4. Find the first number greater than p in the list that is not marked. If there was no such number, stop. Otherwise, let p now equal this number (which is the next prime), and repeat from step 3.

When the algorithm terminates, all the numbers in the list that are not marked are prime.

The main idea here is that every value for p is prime, because we have already marked all the multiples of the numbers less than p.

As a refinement, it is sufficient to mark the numbers in step 3 starting from p2, as all the smaller multiples of p will have already been marked at that point. This means that the algorithm is allowed to terminate in step 4 when p2 is greater than n.

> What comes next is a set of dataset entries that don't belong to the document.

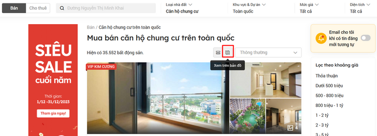 Theo cách này, bạn có thể tìm kiếm chi tiết theo đặc điểm bất động sản mong muốn như: giá, diện tích, hướng nhà, số phòng.
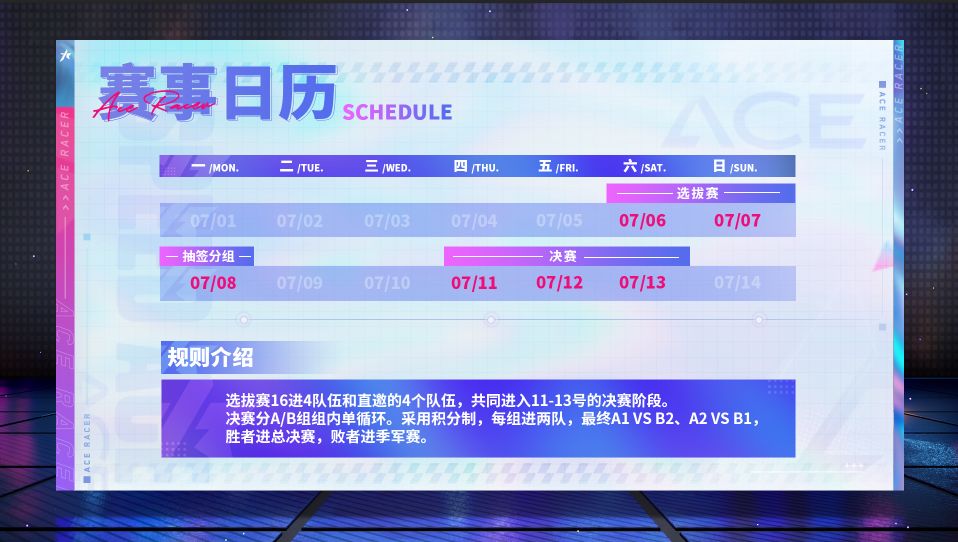 在7月6日到7日的选拔赛中,天梯排名前100的车手们,在经过报名组队与两天的对抗后,最终风云星花、深藏不露、潇洒自在和广播体操四支战队率先突围,与四支直邀的明星队伍会师决赛。
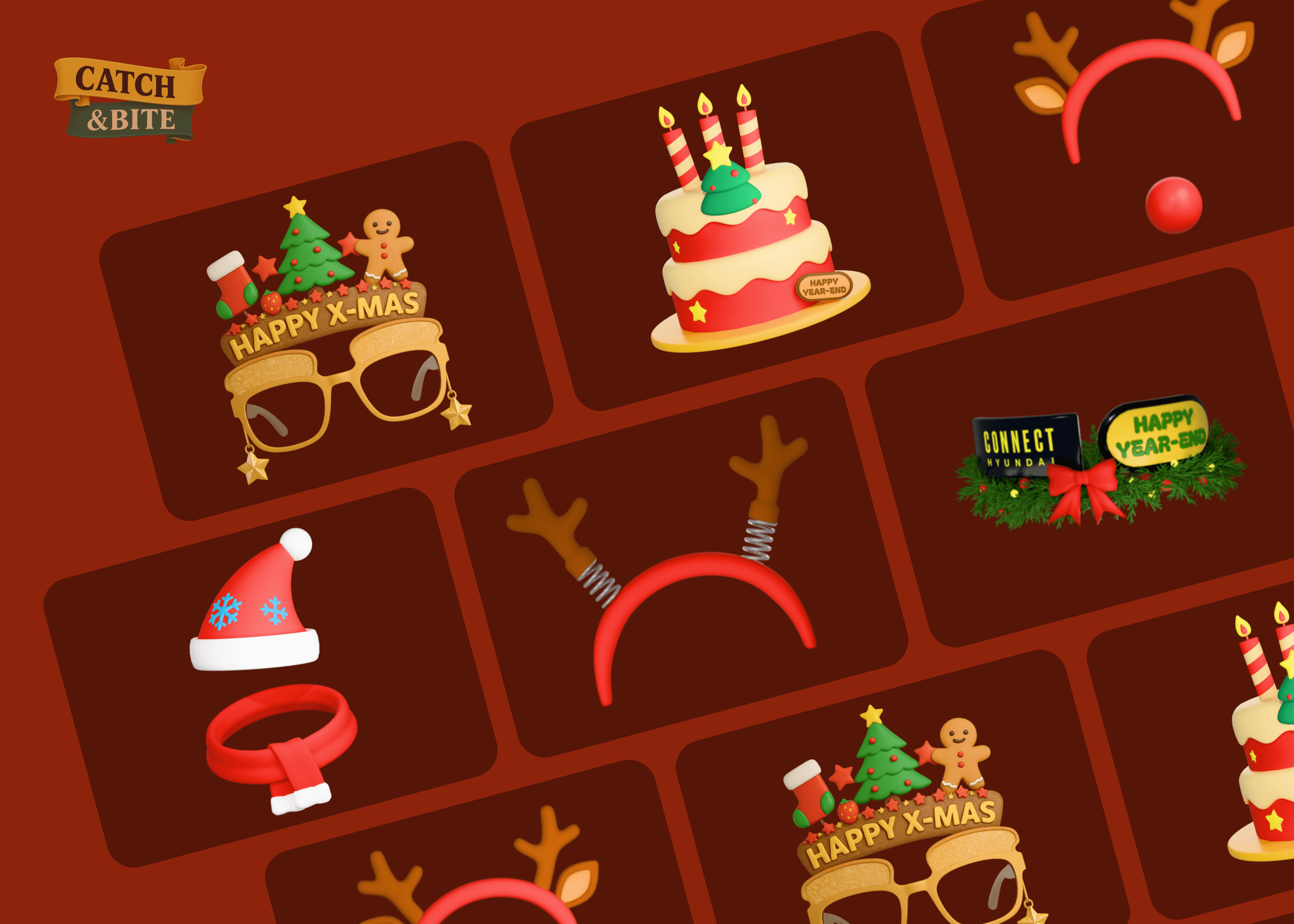 ‘Catch & Bite’는 커넥트현대 청주 오픈 100일과 연말 시즌을 기념해 운영된 웹 기반 게임 콘텐츠입니다. 간단한 방식으로 누구나 쉽게 참여할 수 있도록 구성했으며, 100일 축하와 크리스마스 시즌에 맞는 3D 아이템을 제작해 분위기를 더했습니다. 얼굴 인식을 통해 아이템이 자연스럽게 착용되는 연출로, 시즌에 맞는 색다른 체험을 제공했습니다.
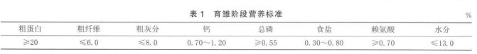 3.1 育雛階段(1-40日齡)。育雛階段營養(yǎng)標(biāo)準(zhǔn)見表1。
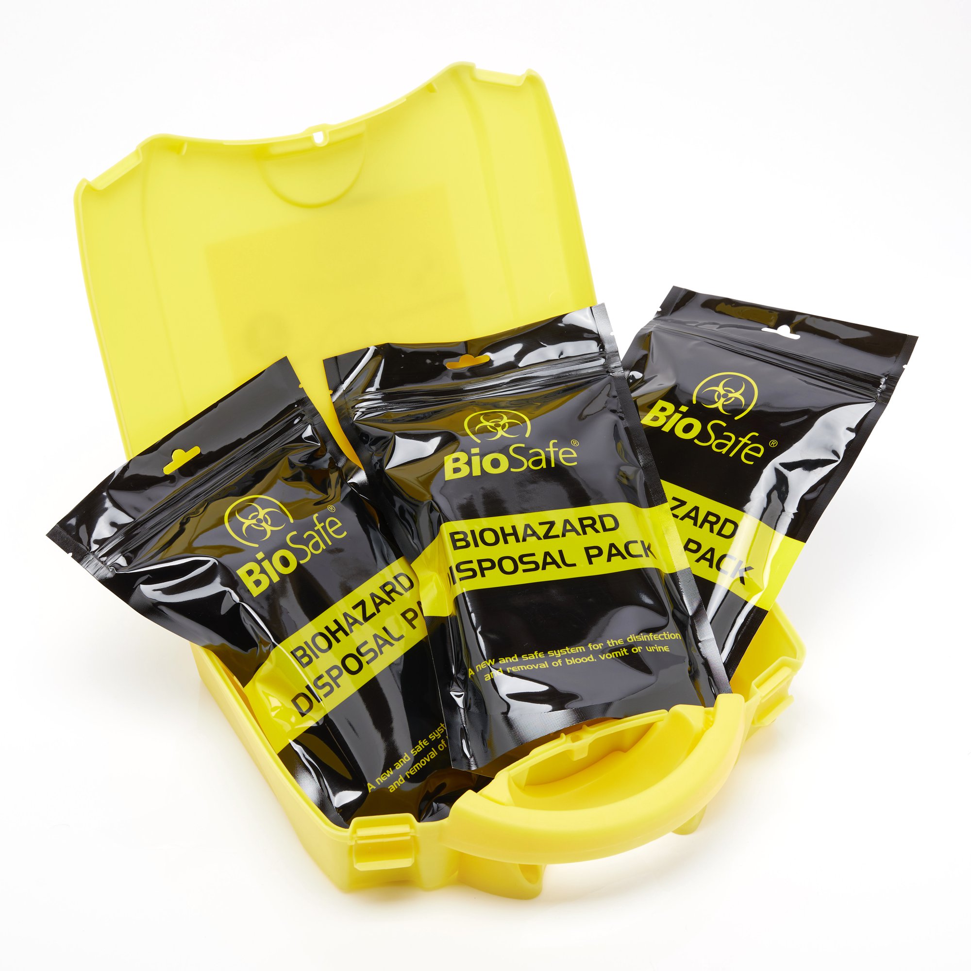 BioSafe Body Fluid Spill Kits contain all equipment necessary for the safe and hygienic clean-up and disposal of body fluid spills. Case contains three single application packs.
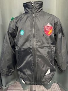 Reversible waterproof jacket with fleece lining and embroidered school logo.
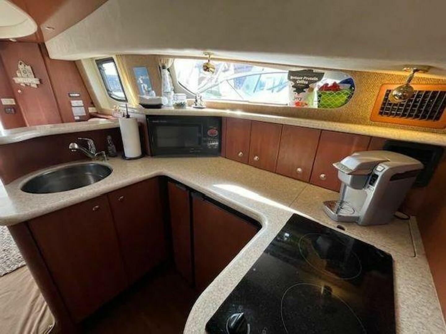 Freshwater / Great Lakes boat since new this vessel features Twin Volvo Penta TAMD75P EDC Diesel Engines (480 HP each) with 1200 original hours. Notable features include but are not limited to the following: Air-Conditioning & Heat (3-Units) (2) Heads (Vacuflush) w/Vanity/Sink/Stall Showers, Central Vacuum System, Kohler 8Kw Generator, Windlass Anchor w/Foot Pedal & Helm Controls, Complete Electronics Package (NEW Garmin FPSMAP 1243XSV Multifunction GPS/Radar/Chartplotter w/US & Canada Navionics & Charts, NEW Garmin Grid 20 Remote Control, NEW Garmin GMR Fantom Dome Radar, Speed Log and Depth Sounder, West Marine Multifunction VHF Marine Radio, Danforth Compass, and Volvo Engine Monitor and Multi-Function Display). Oversized Horn Cluster for Semi-Like Sound. Premium Stereo System w/JL Audio and Amp, (2) LCD-Flat Screen Televisions (Including a Retractable TV in the Salon that Disappears from View. She Features The Main Deck Cabin Boasts an Immense Salon with Convertible Sofa, Loveseat and Entertainment Center, a Superbly Equipped Galley and Separate Dinette Area. Cherry is Featured Throughout the Yacht in Joinery, Doors and Bulkheads in High Gloss and Satin Accents. This Yacht Comes with Supple Leather Seating Throughout and has Six Spacious Berths plus MUCH more!
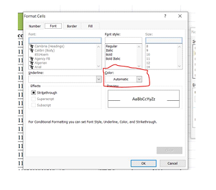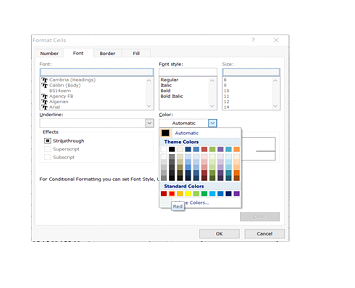 單擊“單元格格式”對話方塊的“字型”選項卡,然後單擊“顏色”選項,如下所示
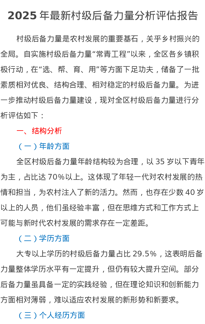 2025年最新村级后备力量分析评估报告
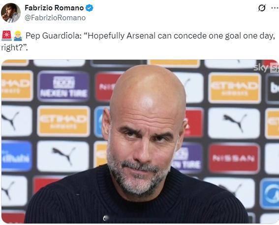 瓜迪奥拉说出了他的想法:希望阿森纳总有一天能失掉一球,对吧?[允悲][允悲][允
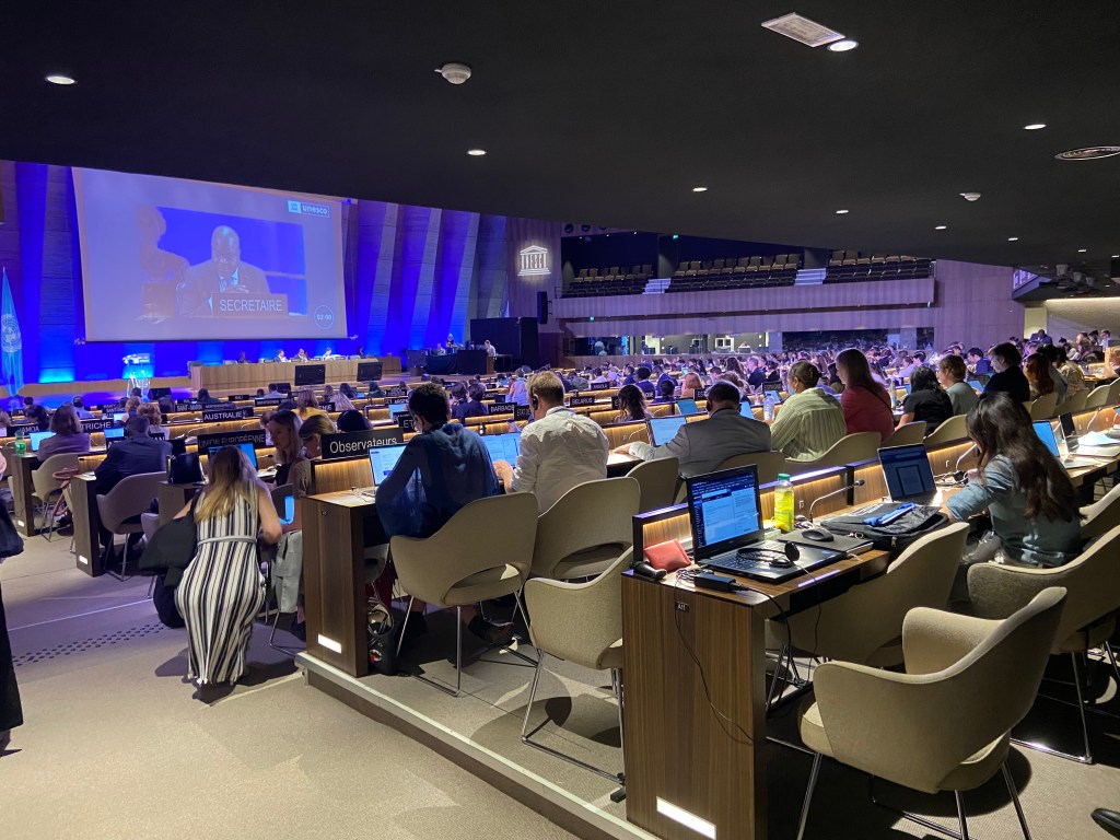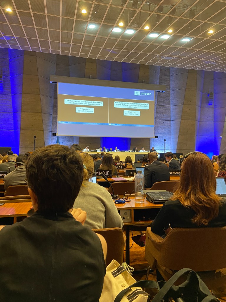 Ci-dessous, la délégation de la FIJC lors de la Xe conférence des parties de la Convention 2005 de l’UNESCO en juin 2025.

Another refinement is to initially list odd numbers only, (3, 5, ..., n), and count up using an increment of 2p in step 3, thus marking only odd multiples of p greater than p itself. This actually appears in the original algorithm. This can be generalized with wheel factorization, forming the initial list only from numbers coprime with the first few primes and not just from odds, i.e. numbers coprime with 2.

### Incremental sieve

An incremental formulation of the sieve generates primes indefinitely (i.e. without an upper bound) by interleaving the generation of primes with the generation of their multiples (so that primes can be found in gaps between the multiples), where the multiples of each prime p are generated directly, by counting up from the square of the prime in increments of p(or 2p for odd primes).

### Trial division

Trial division can be used to produce primes by filtering out the composites found by testing each candidate number for divisibility by its preceding primes. It is often confused with the sieve of Eratosthenes, although the latter directly generates the composites instead of testing for them. Trial division has worse theoretical complexity than that of the sieve of Eratosthenes in generating ranges of primes.

When testing each candidate number, the optimal trial division algorithm uses just those prime numbers not exceeding its square root. The widely known 1975 functional code byDavid Turner is often presented as an example of the sieve of Eratosthenes but is actually a sub-optimal trial division algorithm.

## Algorithm complexity

Time complexity in the random access machine model is $O(n \log\log n)$ operations, a direct consequence of the fact that the prime harmonic series asymptotically approaches $\log \log n$.

The bit complexity of the algorithm is $O(n (\log n) (\log \log n))$ bit operations with a memory requirement of $O(n)$.

The segmented version of the sieve of Eratosthenes, with basic optimizations, uses $O(n)$ operations and $O(n^{1/2}\log\log n/\log n)$ bits of memory.